WORK ORDER =
Starting at the first line of the entries below, please return exactly each line up to and including the one with "Ceas barbat auriu"; pictures stay out.

[Data records]
********

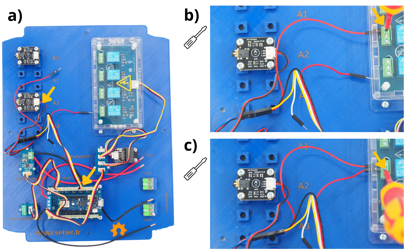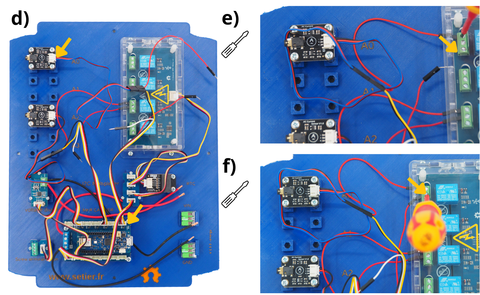 Pour les étapes qui suivent, il vous sera réguliérement demandé d’insérer des câbles dans différents borniers à vis, puis de les visser. Pour cela, il est d’abord nécessaire de dévisser le bornier à vis (voir image), afin de l”ouvrir, et permettre d’y insérer un câble avant de revisser pour fermer le bornier sur le câble.
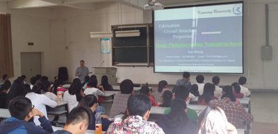 王海博士的讲座是关于金属酞菁纳米材料的研究情况。讲座上,王海博士对金属酞菁纳米材料研究的最新进展,金属酞菁纳米材料的制备、晶体结构与性能的研究情况进行了介绍。同时,王海及其研究团队还向新同学们展示了云南省高校有机光电子材料与器件重点实验室研究平台以及团队开展的相关研究工作。团队成员还结合自己的学习、科研情况对大学阶段的学习和生活给出了建议。王海认为自信和坚持在我们的学习和研究中是非常重要的。部分同学会后还参观了实验室。
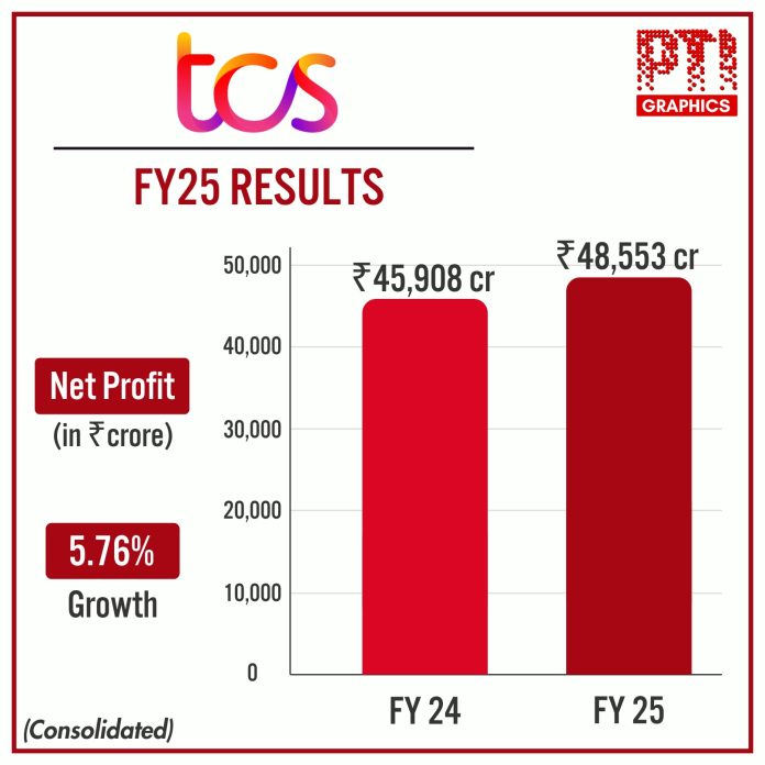 TCS FY25 Results PTI INFOGRAPHICS | TCS net profit dips 1.68 pc to Rs 12,224 crore in March quarter. PTI GRAPHICS.(PTI04_10_2025_001010002B)
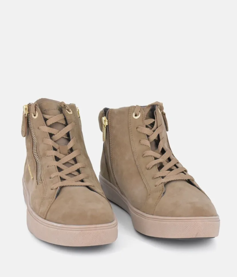 These ankle booties are a Stylish, casual option from Tamaris and will look great with your new season wardrobe. Finished in a classic Taupe Suede with contrasting gold trim and sitting atop a comfortable chunky sole.
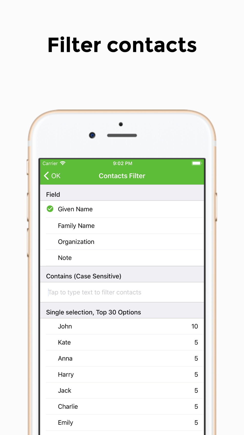 Default option is export all contacts, you can add filter to find contacts that contain target text.
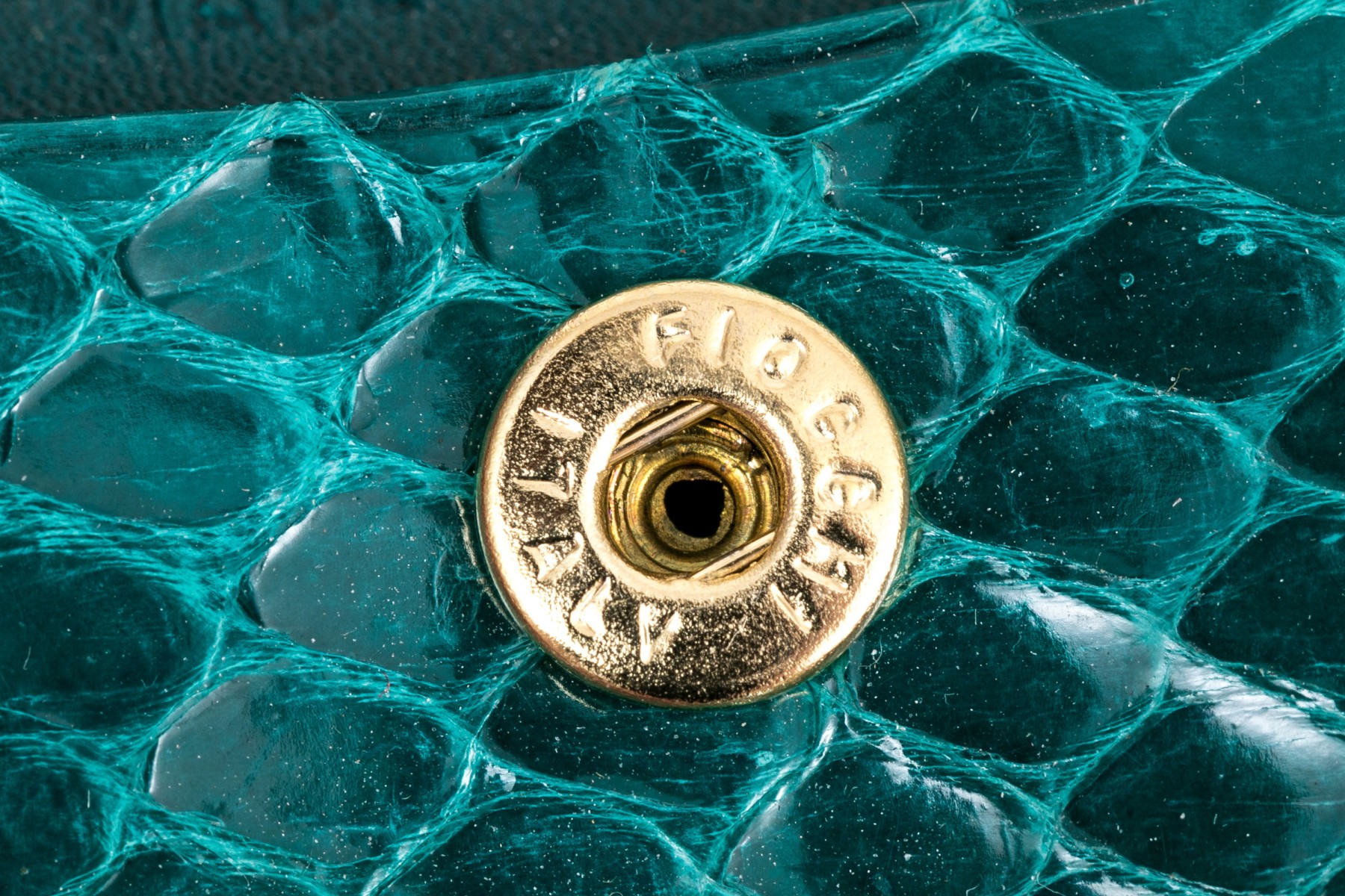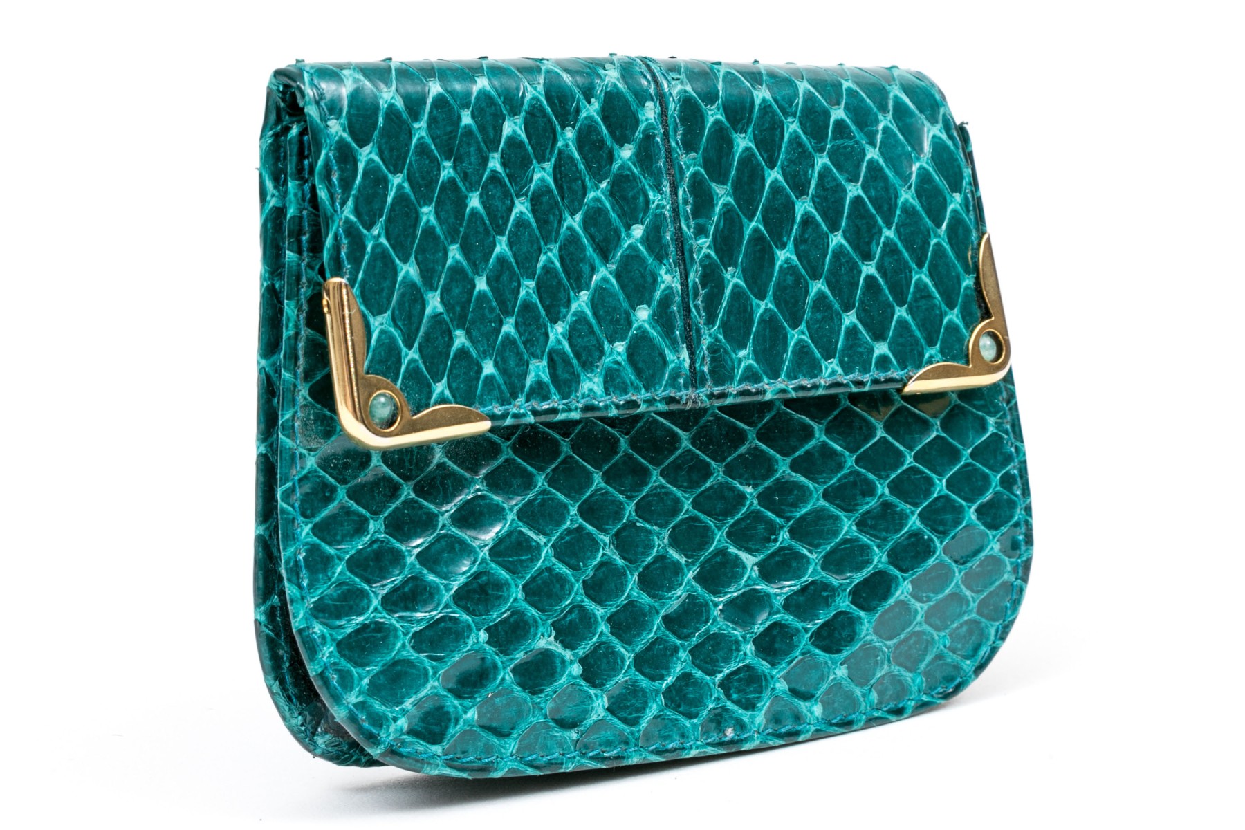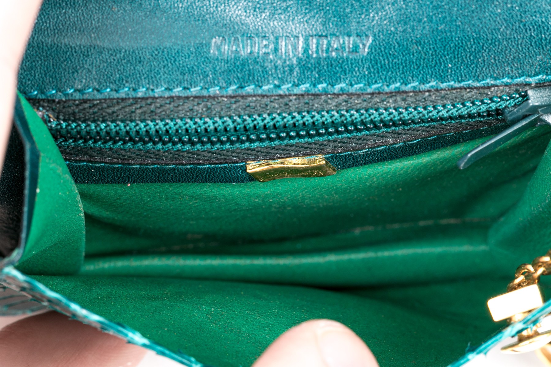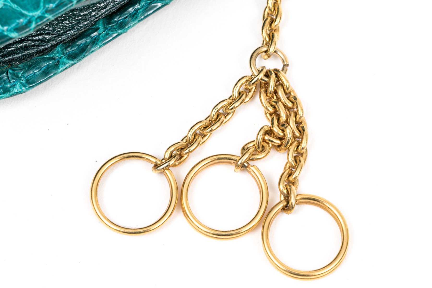 Judith Leiber handsome Teal lizard mini purse/key chain
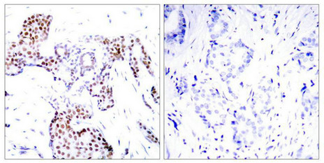 Immunohistochemical analysis of paraffin-embedded human breast carcinoma tissue using Elk1(Phospho-Ser389) Antibody(left) or the same antibody preincubated with blocking peptide(right).
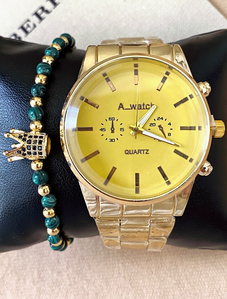 Ceas barbat auriu cu bratara metalica si cadran galben
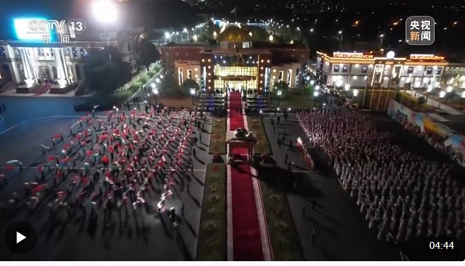 1500多名身著民族盛裝的塔吉克斯坦青年表演富有濃郁特色的中塔歌舞,揮舞中塔兩國(guó)國(guó)旗,表達(dá)對(duì)中國(guó)最尊貴客人的熱烈歡迎。
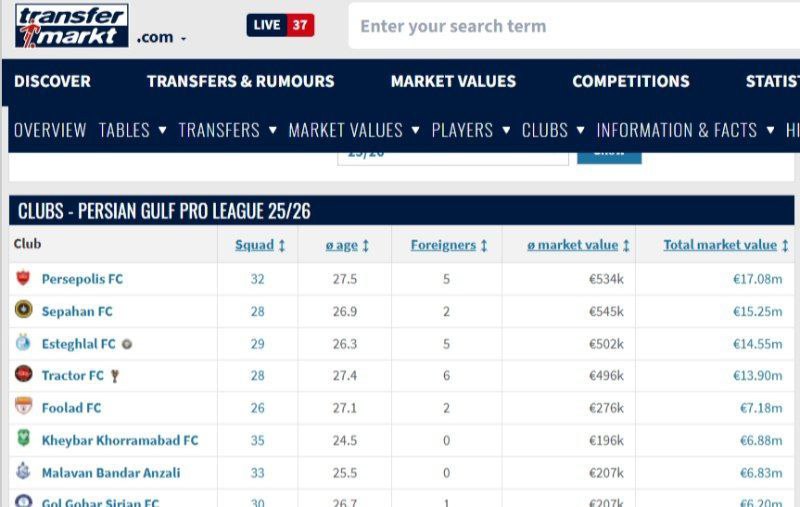 بر اساس آخرین آمار وبسایت «ترانسفرمارکت»، پرسپولیس با ارزش کل ۱۷ میلیون یورو گرانترین تیم لیگ برتر ایران است. سه نفر از پنج بازیکن ارزشمند لیگ در ترکیب پرسپولیس حضور دارند که نقش مهمی در این صدرنشینی داشته است. سپاهان با ۱۵ میلیون یورو دوم است و جذب ریکاردو آلوز پرتغالی به افزایش ارزشش کمک کرده است. استقلال با ۱۴ میلیون و تراکتور با ۱۳ میلیون یورو در ردههای سوم و چهارم قرار دارند.

********

OUTPUT OF THE TASK =
 Pour les étapes qui suivent, il vous sera réguliérement demandé d’insérer des câbles dans différents borniers à vis, puis de les visser. Pour cela, il est d’abord nécessaire de dévisser le bornier à vis (voir image), afin de l”ouvrir, et permettre d’y insérer un câble avant de revisser pour fermer le bornier sur le câble.
 王海博士的讲座是关于金属酞菁纳米材料的研究情况。讲座上,王海博士对金属酞菁纳米材料研究的最新进展,金属酞菁纳米材料的制备、晶体结构与性能的研究情况进行了介绍。同时,王海及其研究团队还向新同学们展示了云南省高校有机光电子材料与器件重点实验室研究平台以及团队开展的相关研究工作。团队成员还结合自己的学习、科研情况对大学阶段的学习和生活给出了建议。王海认为自信和坚持在我们的学习和研究中是非常重要的。部分同学会后还参观了实验室。
 TCS FY25 Results PTI INFOGRAPHICS | TCS net profit dips 1.68 pc to Rs 12,224 crore in March quarter. PTI GRAPHICS.(PTI04_10_2025_001010002B)
 These ankle booties are a Stylish, casual option from Tamaris and will look great with your new season wardrobe. Finished in a classic Taupe Suede with contrasting gold trim and sitting atop a comfortable chunky sole.
 Default option is export all contacts, you can add filter to find contacts that contain target text.
 Judith Leiber handsome Teal lizard mini purse/key chain
 Immunohistochemical analysis of paraffin-embedded human breast carcinoma tissue using Elk1(Phospho-Ser389) Antibody(left) or the same antibody preincubated with blocking peptide(right).
 Ceas barbat auriu cu bratara metalica si cadran galben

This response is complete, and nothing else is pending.